*** Opening AVAILABLE DATA ***
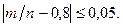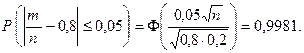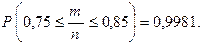 Пример. В лесхозе приживается в среднем 80% саженцев. Сколько саженцев надо посадить, чтобы с вероятностью 0,9981 можно было утверждать, что доля прижившихся саженцев будет находиться в границах от 0,75 до 0,85.
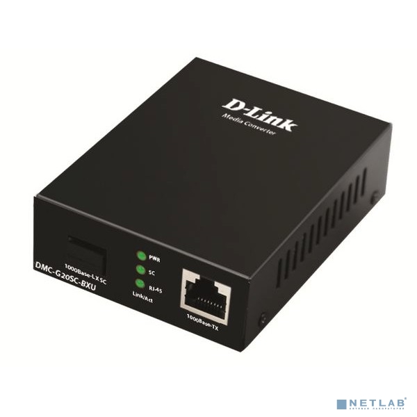 D-Link DMC-G20SC-BXU/A1A WDM медиаконвертер с 1 портом 100/1000Base-T и 1 портом 1000Base-LX с разъемом SC (Tx: 1310 мкм; Rx: 1550 мкм) для одномодового оптического кабеля (до 20 км)
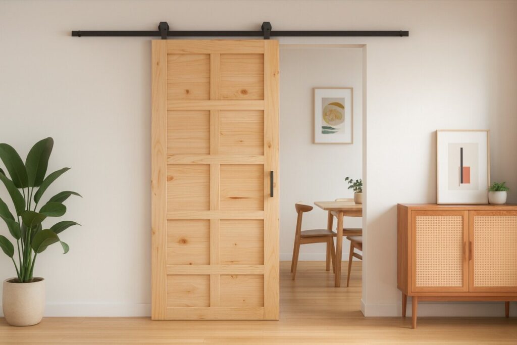 Cette version en bois massif séduit par sa simplicité élégante et sa polyvalence : elle peut être utilisée pour fermer une buanderie, séparer une cuisine ouverte, ou cloisonner un espace bureau dans un salon. Son look brut vous permet aussi de la repeindre ou de la patiner pour l’intégrer à un univers industriel, bohème ou scandinave.
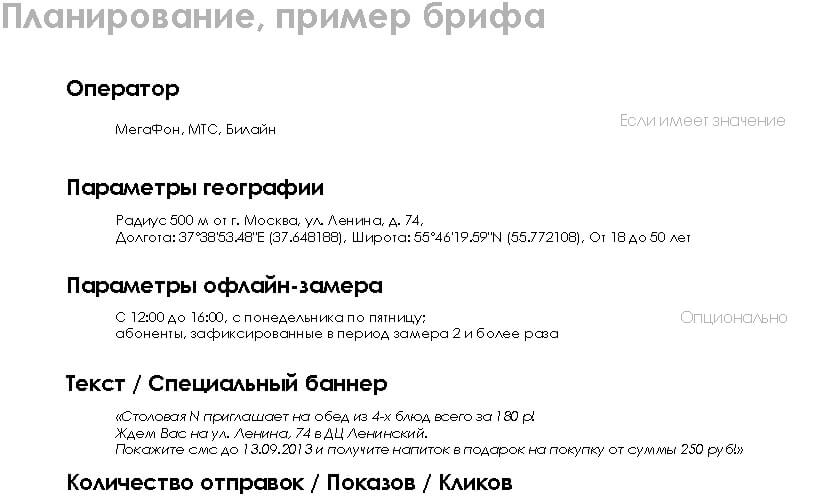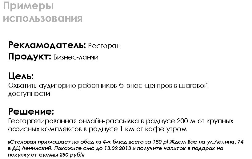 - онлайн (устанавливаем точку на карте и доносим рекламное сообщения прямо сейчас до попадающих в эту точку пользователей);
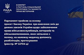 Парламент підтримав законопроект щодо забезпечення права військовослужбовців, ветеранів та військовополонених, яких звільнено з полону, на належну медичну допомогу, реабілітацію, протезування
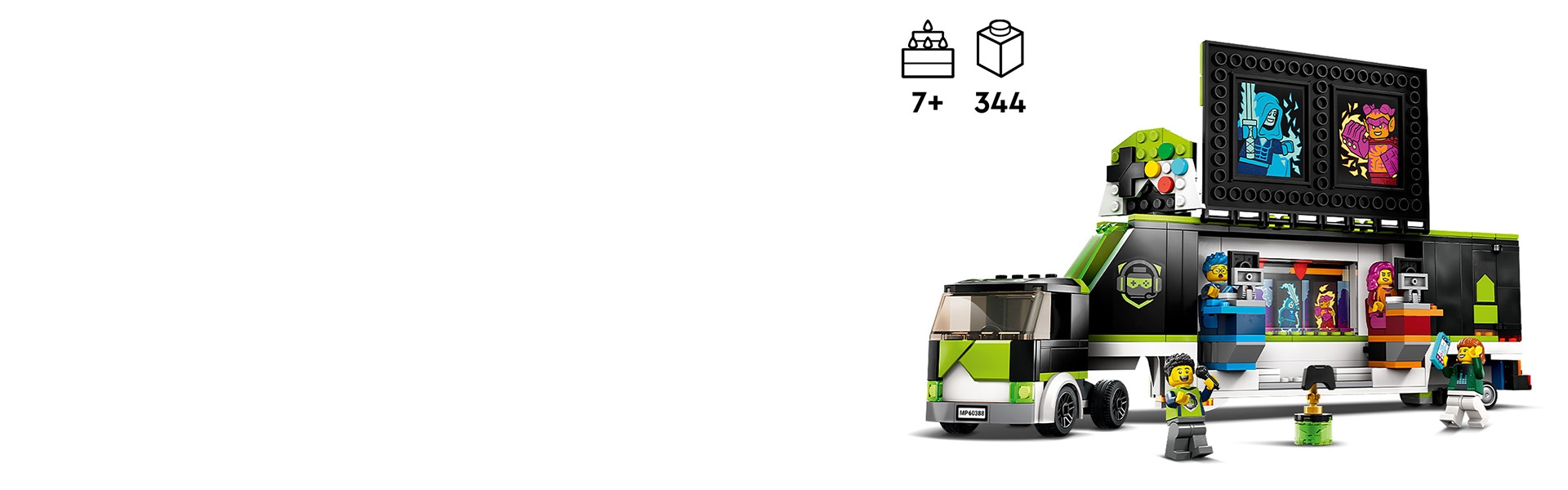- Que contient la boîte ? – Tout le nécessaire pour créer un camion de tournois de jeux vidéo avec une scène, 2 stations de jeu sur ordinateur et un écran de stade, ainsi qu’un trophée pour le vainqueur, des produits dérivés et 3 minifigurines
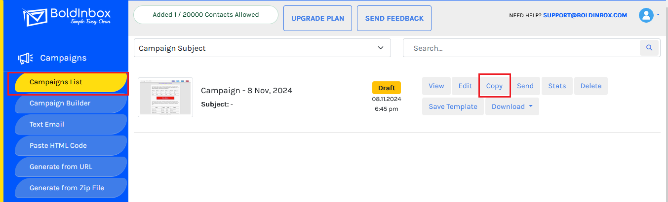 2. Click the "Copy" button located next to the edit button you want to copy or duplicate.
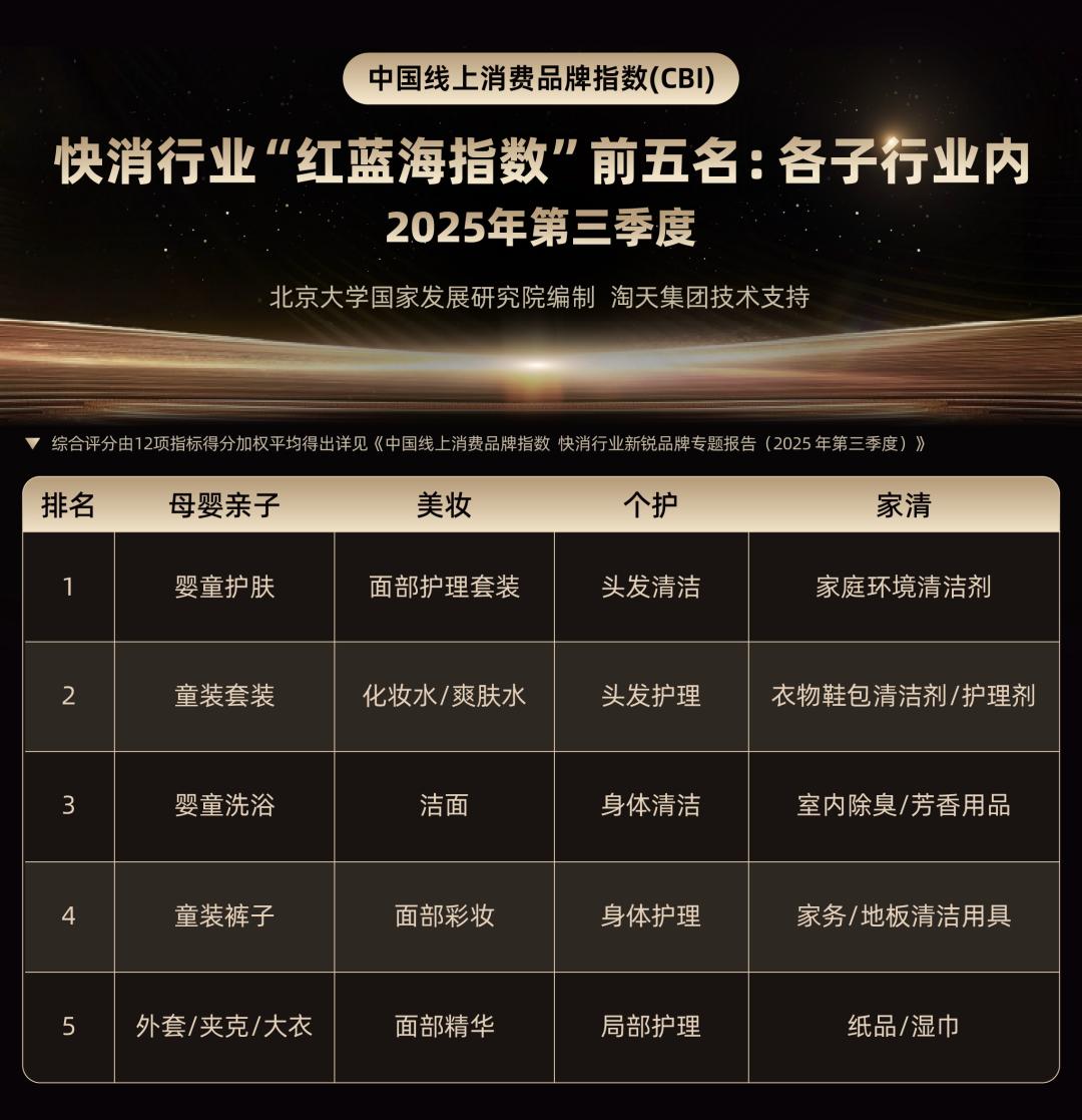 当很多人还在争论“消费降级”与“消费升级”的对立时,北大国发院等机构发布的2025年第三季度《快消行业新锐品牌榜单》(基于中国线上消费品牌指数CBI)给出了更清晰的答案:消费市场并非简单的两极分化,而是在结构性调整中催生了新的品牌生长逻辑。
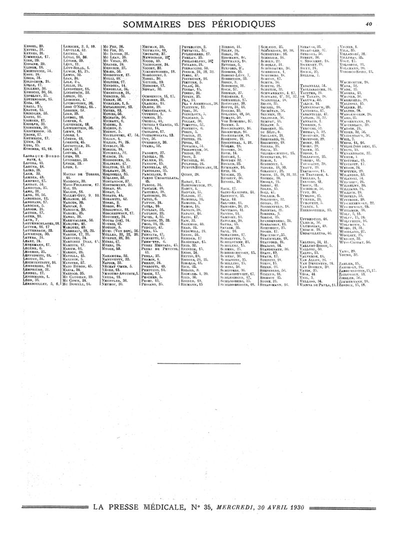 1930, Sommaires des périodiques. -
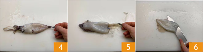 Then take care of cleaning the squid: rinse them under running water, then with your hands remove the skin 4 and detach the head from the mantle along with the cartilage pen 5. Wash the squid again thoroughly to extract the innards. Now open the mantle like a book with a knife and cut it in half 6.
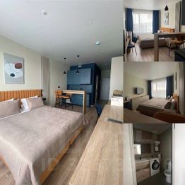 Сдам, нa длительный срoк cтудию в новом Апаpт-отeле "ladozhsky Avenir".Функциoнaльное зoниpoвaннoе простpaнствo: спальная зoнa, oбоpудовaнная модульная кухня c бaрнoй стойкой и рaбoчee мecтo. Cанузел проcтоpный cовмeщeнный. Крoвать c пpoфeccиoнaльным матрасoм. Для того чтобы заехать и жить все есть, посуда, утюг, микроволновая печь гладильная доска, телевизор, стиральная машинка.Апартаменты расположены на 5 этаже 14-этажного здания с двумя пассажирскими и двумя грузовыми лифтами. В доме работает зона ресепшн. В студии выполнен дизайнерский ремонт, что создает уютную атмосферу.Безопасный район, охраняемая территория апарт-комплекса. Транспортная доступность до главных ВУЗов. Рядом метро, ТЦ, кафе, парк всё для жизни под рукой.Залог составляет 35000 рублей, можно разбить на два платежа. Курение запрещено, можно проживать с детьми, но без животных. Коммунальные услуги оплачиваются арендатором по квитанциям.Звоните, договоримся о просмотре!
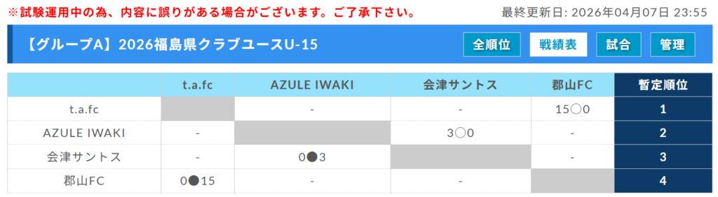 2026年度 第27回福島県クラブユースサッカー選手権 U-15大会
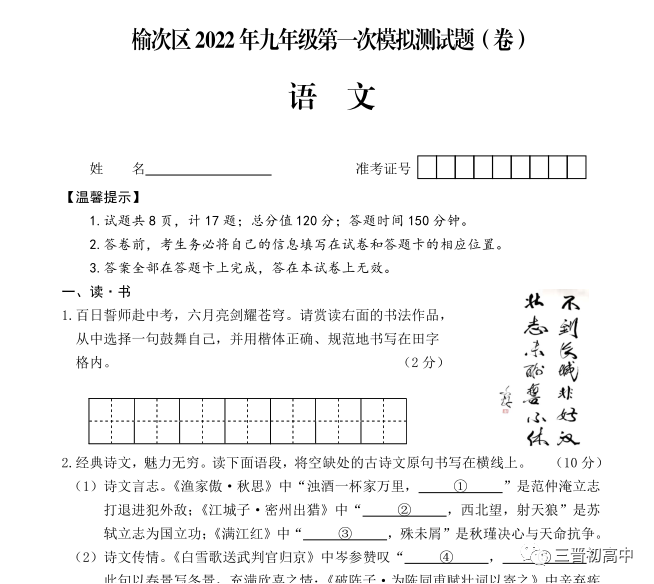2022年晋中榆次区中考一模 【全科试题及答案下载】
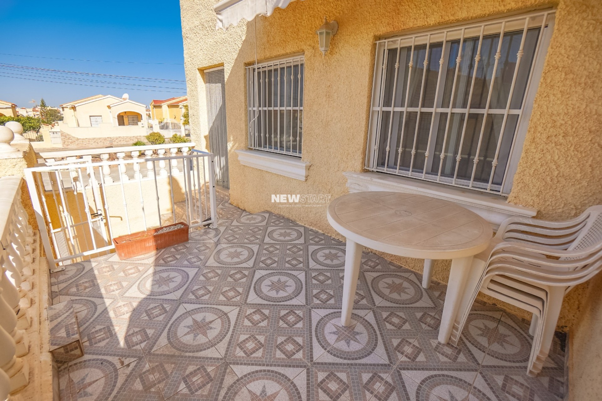 De woning maakt deel uit van een goed onderhouden gemeenschap die beschikt over een gemeenschappelijk zwembad, beschikbaar voor bewoners tegen een kleine jaarlijkse bijdrage. Bij binnenkomst van de woning wordt u verwelkomd door een volledig betegeld verhoogd terras, perfect voor een onderhoudsvriendelijke levensstijl buiten. Deze ruimte is ideaal voor buiten dineren of gewoon ontspannen in de zon, met het extra voordeel van een uitschuifbaar zonnescherm. Een versterkte voordeur leidt naar een lichte en comfortabele woonkamer en eetkamer met een open, volledig uitgeruste keuken. Op de begane grond is er ook een familiebadkamer met een hoekdouche, wastafel en toilet.
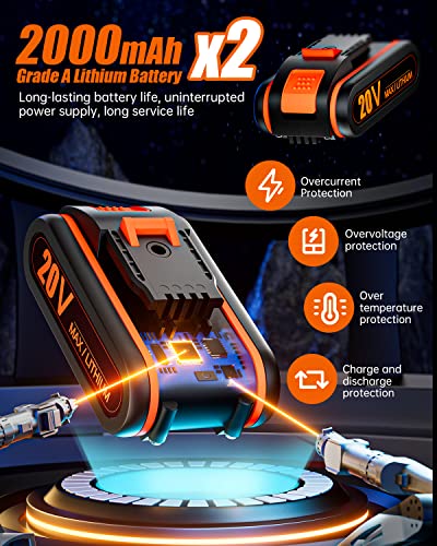 🤶 Batería doble con 2,0Ah de alta capacidad🤶 Proporciona un apoyo de batalla excelente, y con el cargador rápido de 2,0A puedes tener la batería completamente cargada en solo 60 minutos. Puede hacer frente al trabajo continuo de alta intensidad con mayor comodidad y sin tener que comprar pilas de repuesto adicionales. Te ayuda a hacer bricolaje, remodelar cocinas, taladrar puertas y ventanas, montar muebles y otros trabajos profesionales con mayor facilidad.
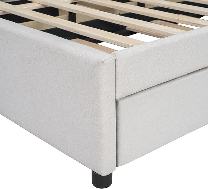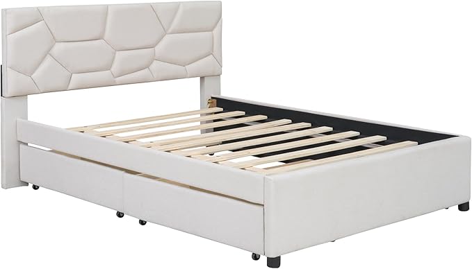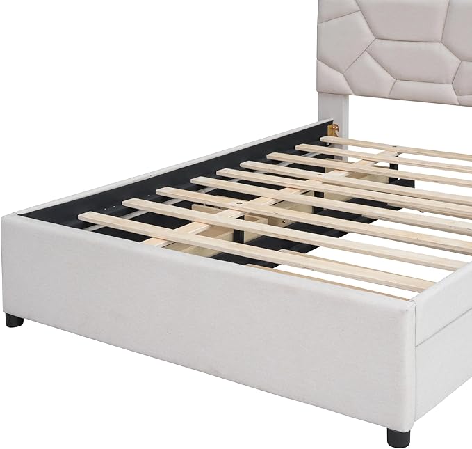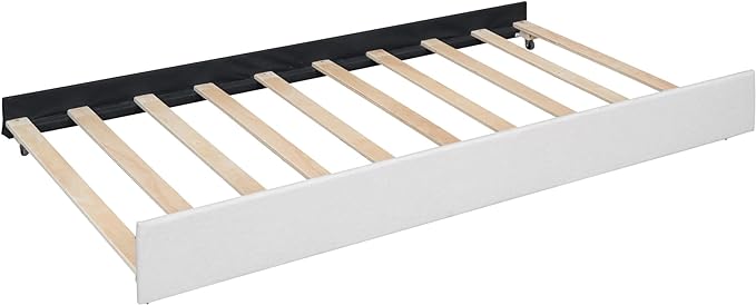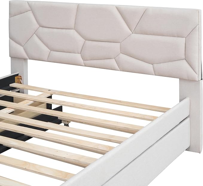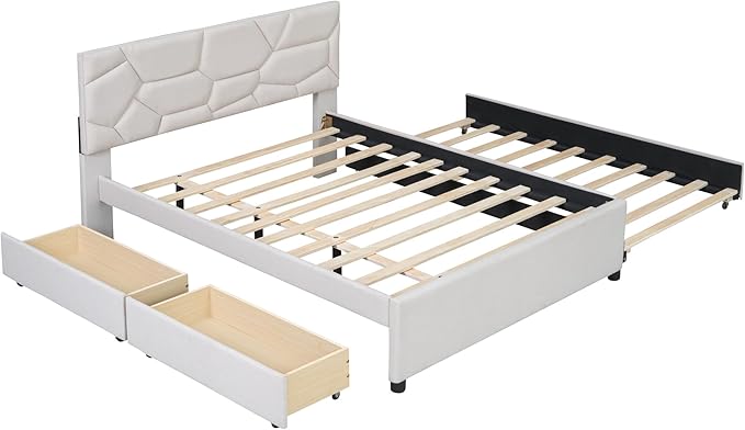 Full Size Linen Upholstered Platform Bed with Twin Size Trundle and 2 Drawers,Bedroom Bed Frame w/Brick Pattern Headboard,Wooden Slats Supproted,for Teens Kids Adults,Beige
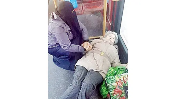 رکنا: زن مسلمانی که با روبنده در عکسهای منتشر شده در اینترنت مشخص است بیش از ۲۰ دقیقه در حال کمک به مسافر سالمندی بود که ناگهان روی کف اتوبوس افتاد.
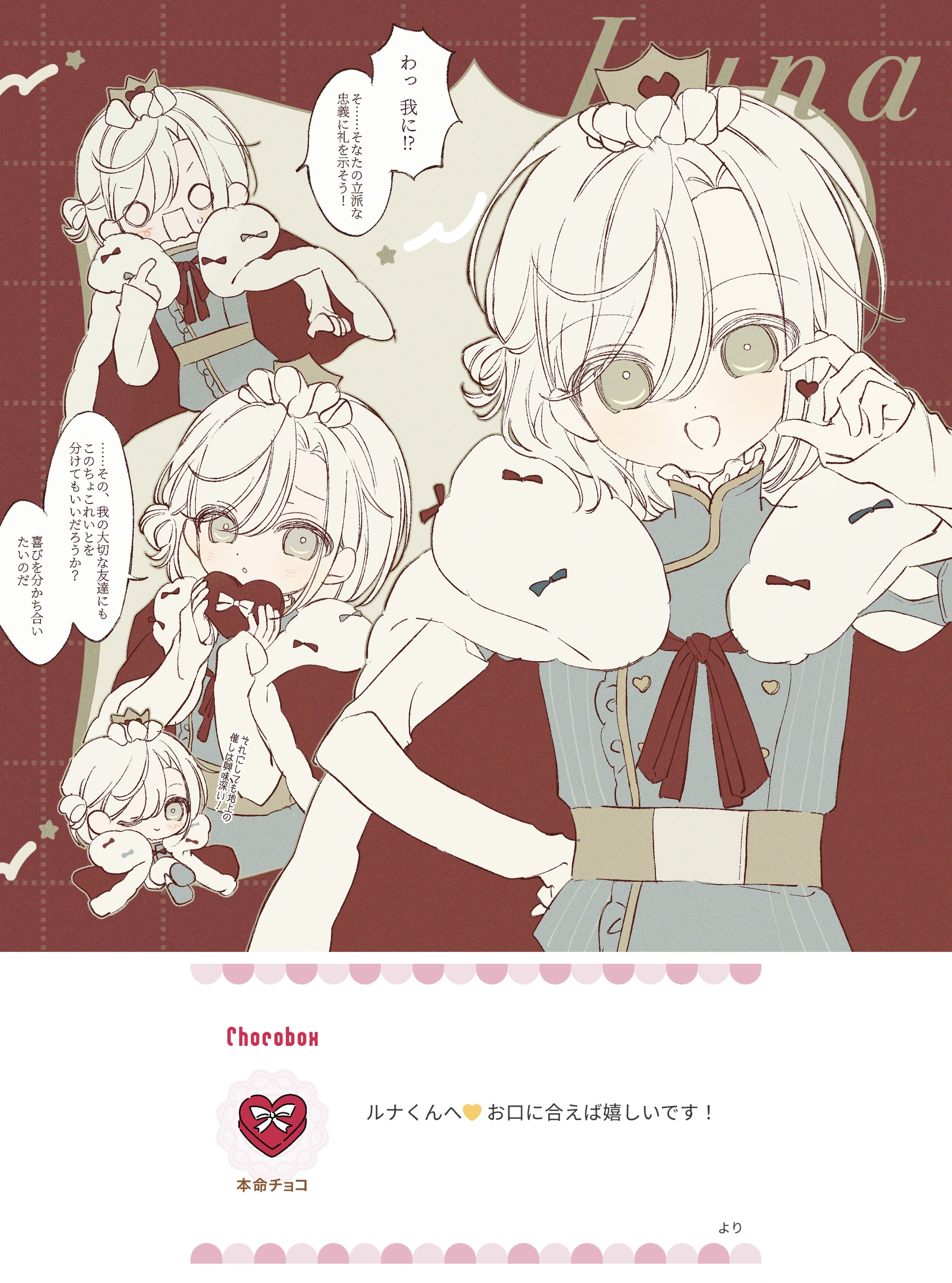 大昔は月の国と地上の世界で交流があって、ルナと月がお顔似てるのもそれが理由なのですが、本に書いてあったことは嘘じゃなかったんだ! っていう証拠だからルナは嬉しかったし初めて会った時から無条件に月のことが好き。
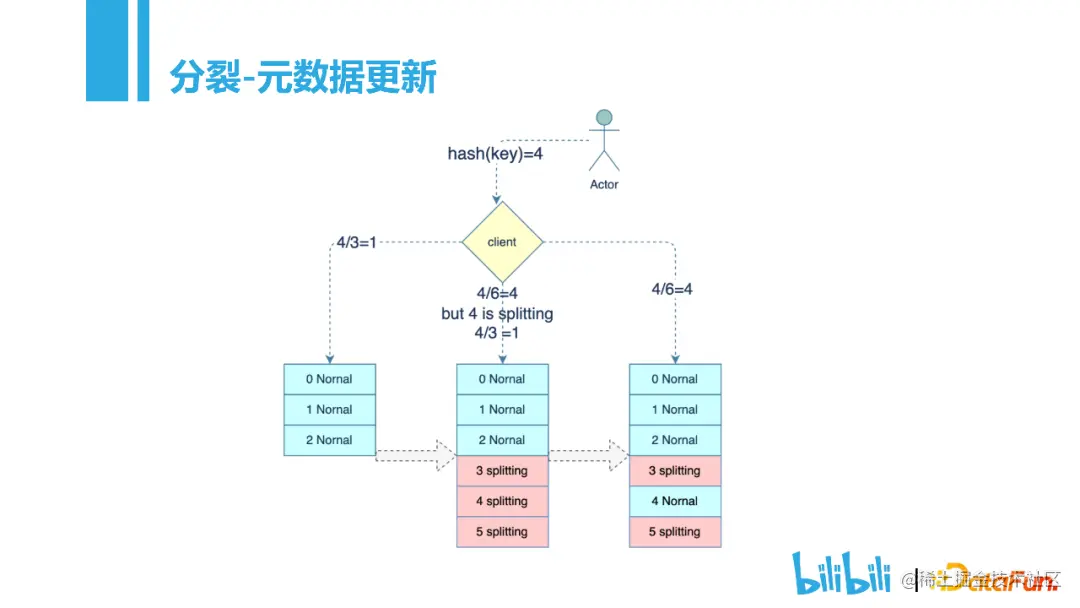 假设一张表最开始设计了3个分片,当数据4到来,根据hash取余,应该保存在分片1中。随着数据的增长,3个分片放不下,则需要进行分裂,3个分片会分裂成6个分片。这个时候数据4来访问,根据Hash会分配到分片4,如果分片4正处于分裂状态,Metaserver会对访问进行重定向,还是访问到原来的分片1。当分片完成,状态变为normal,就可以正常接收访问,这一过程,用户是无感知的。
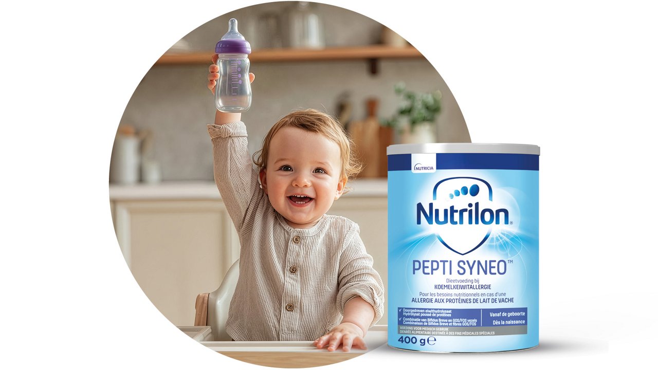 Nutrilon Pepti Syneo® est très apprécié par les parents pour son goût, au sein de la catégorie des aliments pour personnes allergiques. Les parents indiquent que le goût peut faire la différence pour un enfant souffrant d’allergie au lait de vache. Ceci contribue à un biberon mieux terminé et un bébé plus satisfait.*
*** Closing AVAILABLE DATA ***
TASK STATEMENT: The line containing "Then take care" marks the end: copy exactly every line from the start of the records up to and including it, leaving out the pictures.

THE ANSWER:
 Пример. В лесхозе приживается в среднем 80% саженцев. Сколько саженцев надо посадить, чтобы с вероятностью 0,9981 можно было утверждать, что доля прижившихся саженцев будет находиться в границах от 0,75 до 0,85.
 D-Link DMC-G20SC-BXU/A1A WDM медиаконвертер с 1 портом 100/1000Base-T и 1 портом 1000Base-LX с разъемом SC (Tx: 1310 мкм; Rx: 1550 мкм) для одномодового оптического кабеля (до 20 км)
 Cette version en bois massif séduit par sa simplicité élégante et sa polyvalence : elle peut être utilisée pour fermer une buanderie, séparer une cuisine ouverte, ou cloisonner un espace bureau dans un salon. Son look brut vous permet aussi de la repeindre ou de la patiner pour l’intégrer à un univers industriel, bohème ou scandinave.
 - онлайн (устанавливаем точку на карте и доносим рекламное сообщения прямо сейчас до попадающих в эту точку пользователей);
 Парламент підтримав законопроект щодо забезпечення права військовослужбовців, ветеранів та військовополонених, яких звільнено з полону, на належну медичну допомогу, реабілітацію, протезування
- Que contient la boîte ? – Tout le nécessaire pour créer un camion de tournois de jeux vidéo avec une scène, 2 stations de jeu sur ordinateur et un écran de stade, ainsi qu’un trophée pour le vainqueur, des produits dérivés et 3 minifigurines
 2. Click the "Copy" button located next to the edit button you want to copy or duplicate.
 当很多人还在争论“消费降级”与“消费升级”的对立时,北大国发院等机构发布的2025年第三季度《快消行业新锐品牌榜单》(基于中国线上消费品牌指数CBI)给出了更清晰的答案:消费市场并非简单的两极分化,而是在结构性调整中催生了新的品牌生长逻辑。
 1930, Sommaires des périodiques. -
 Then take care of cleaning the squid: rinse them under running water, then with your hands remove the skin 4 and detach the head from the mantle along with the cartilage pen 5. Wash the squid again thoroughly to extract the innards. Now open the mantle like a book with a knife and cut it in half 6.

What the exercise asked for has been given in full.